Is there a way to determine if an instance of a org.apache.poi.hwpf.model.ListData
belongs to a numbered list or bulleted list?
I am using Apache Poi's org.apache.poi.hwpf.HWPFDocument
class to read the contents of a word document in order to generate HTML. I can identify the list items in the document by checking to see that the paragraph I am working with is an instance of org.apache.poi.hwpf.model.ListData
. I can not find a way to determine if ListData
belongs to a bullet开发者_如何学Pythoned list or a numbered list.

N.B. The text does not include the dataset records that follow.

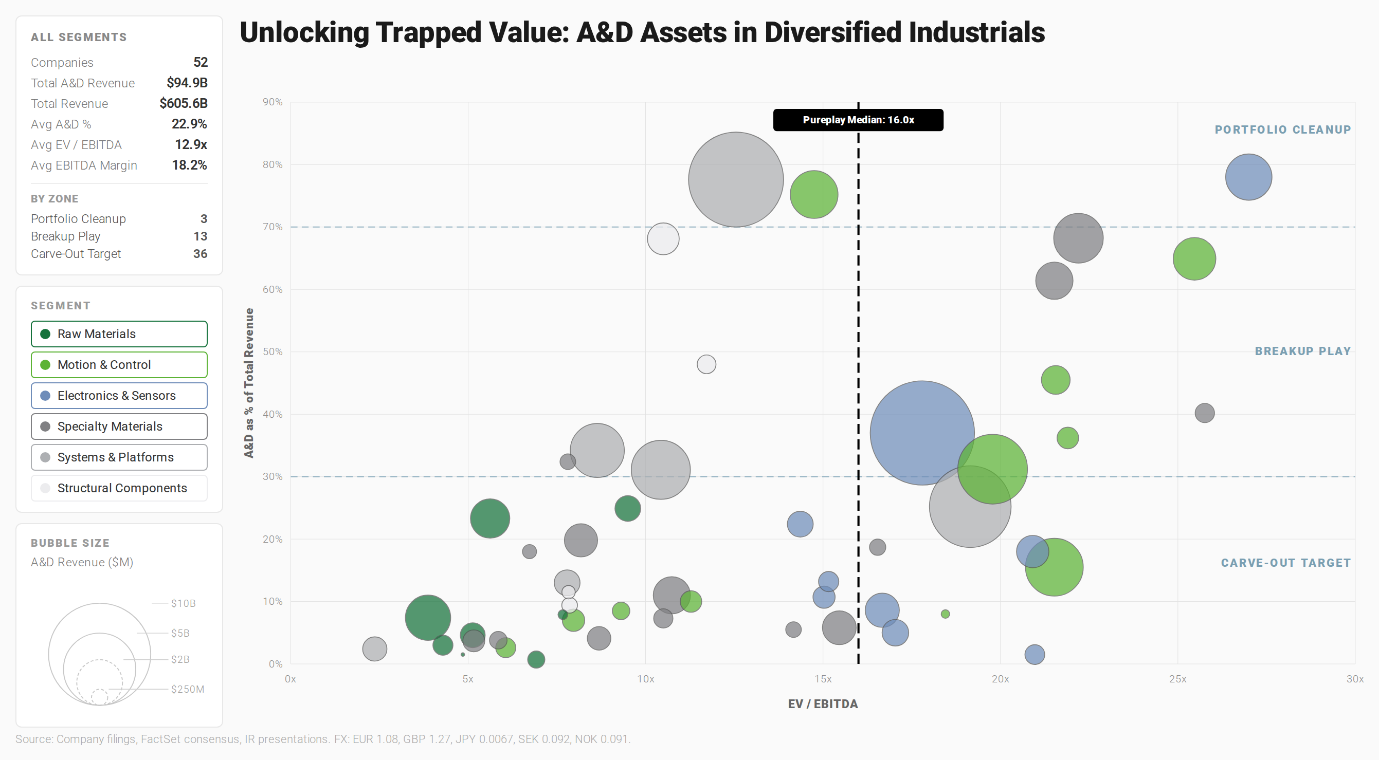 The carve-out target zone contains a significant number of companies—including Syensqo, SKF, and Eaton prior to the spinoff of its mobility unit. These are the hidden gems: A&D is non-core for a conglomerate, yet often sizable. When the whole company trades at a single-digit EBITDA multiple, the opportunity to create value is self-evident. In several cases, the A&D business alone is potentially worth more than the current enterprise value of the whole group.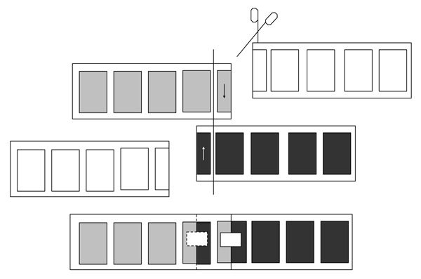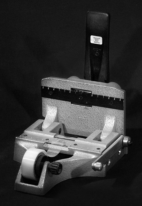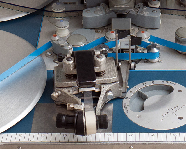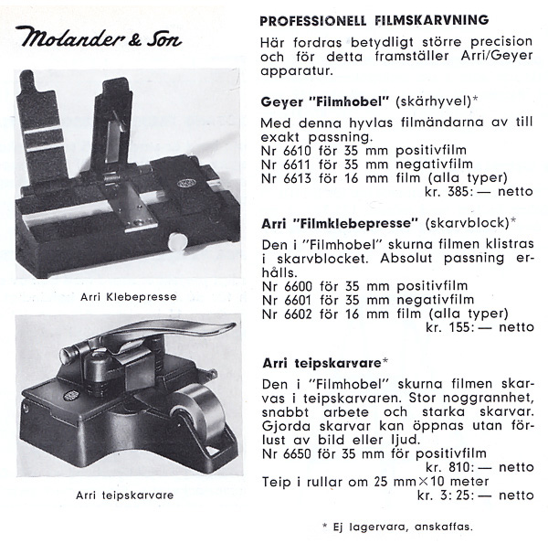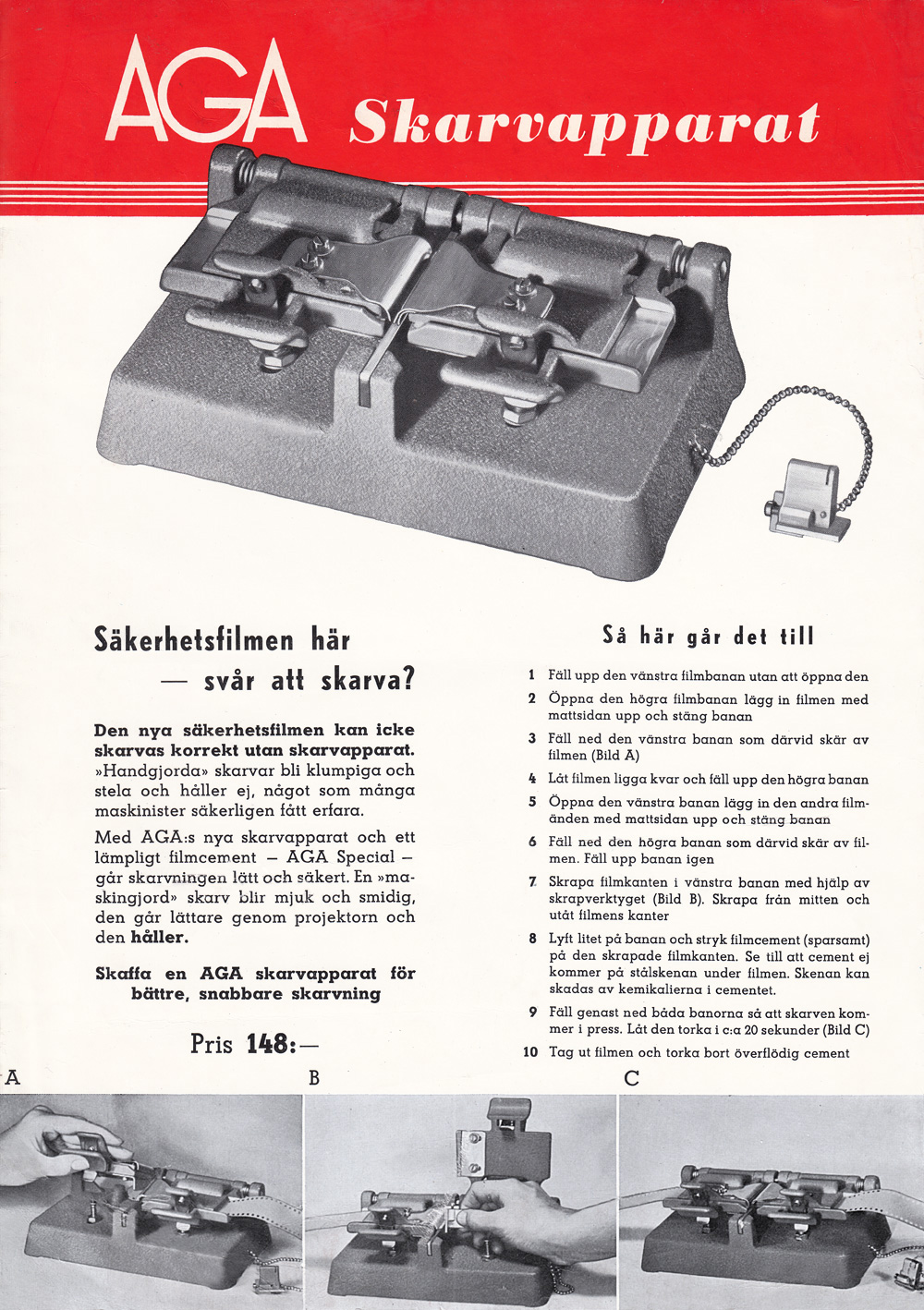 nämligen att skiktet följde med när man bröt upp skarven. Innan filmen skulle köras i projektor måste man tejpa även klippens skiktsida. Det momentet kallades att dubbelskarva, och var nödvändigt eftersom klippen annars kunde gå upp och filmen spjälkas av projektorns omilda behandling. ![]() |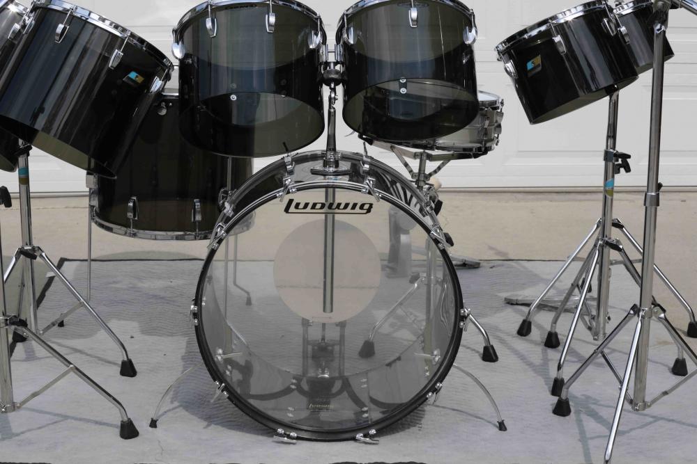 Many will say their drums are in "mint" shape when perhaps they are not. But honestly, these are 9.5/10. The only reason I say 9.5 because unless they are brand new, nothing deserves a 10. All serial numbers are sequential so this kit was bought as it is, minus the snare. He did not like the vistalite snare so is including another Ludwig snare. He is including all of the original hard cases which are in the same condition. Apparently this drum set has been housed and not used except for about two years when they were first bought. I do know the toms are concert toms so he has Evans hydraulics on the two middle toms and the floor tom. It also has a speedking pedal, identical to Bonham's setup. It has a 24" kick drum. If I buy and learn on this kit I will only make it a 5-piece. Way too many drums for a newbie like me!!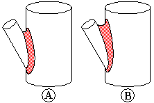 恒定宽度选项可在具有恒定倒圆弦宽 (A) 的两组表面之间创建倒圆。当一表面与另一表面以一定角度相交,而使用恒定半径倒圆 (B) 可能需要添加过多或过少的材料时,此选项很有用。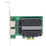 I226 Vチップセットの2.5G PCIeネットワークカード。高速100/1000/2500Mbps、2ポート対応。ロープロファイル、アルミヒートシンク、金メッキ仕様。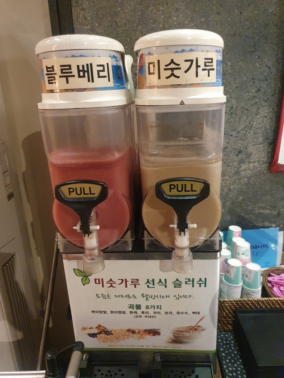 음..미숫가루를 슬러시로 먹는 느낌. 슬러시 이기 때문에 약간 밍밍함..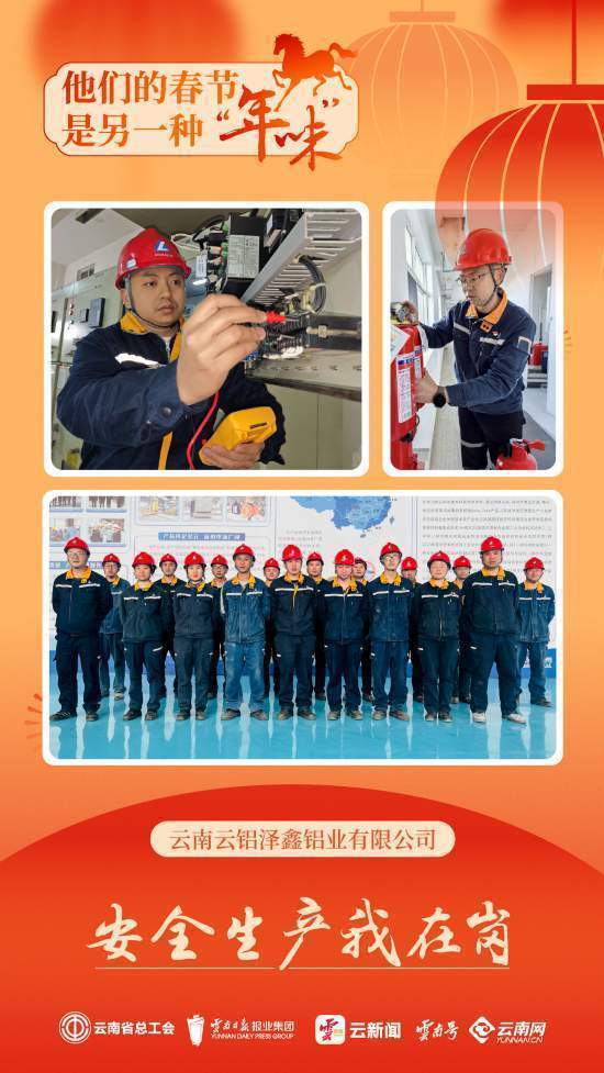 在云南云铝泽鑫铝业有限公司,电解生产的炉火昼夜不息,机器的轰鸣声与春节的喜庆交织成独特的年味。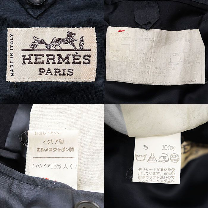 【シリーズ】HERMES エルメス ヴィンテージ チェスターコート ウール × カシミヤ メルトン ダブルブレスト バックベルト アウター メンズ サイズ不明 紺

I think I have found the answer to my own question.
ListEntry aListEntry = (ListEntry) aParagraph;
ListData listData = listTables.getListData(aListEntry.getIlfo());
int numberFormat = listData.getLevel(listData.numLevels()).getNumberFormat();
The number format returns 23 for bullet points and 0 for numbered lists. I dare say that there are multiple format numbers that can be interpreted as either bullet points or numbered lists but at least I can now identify them!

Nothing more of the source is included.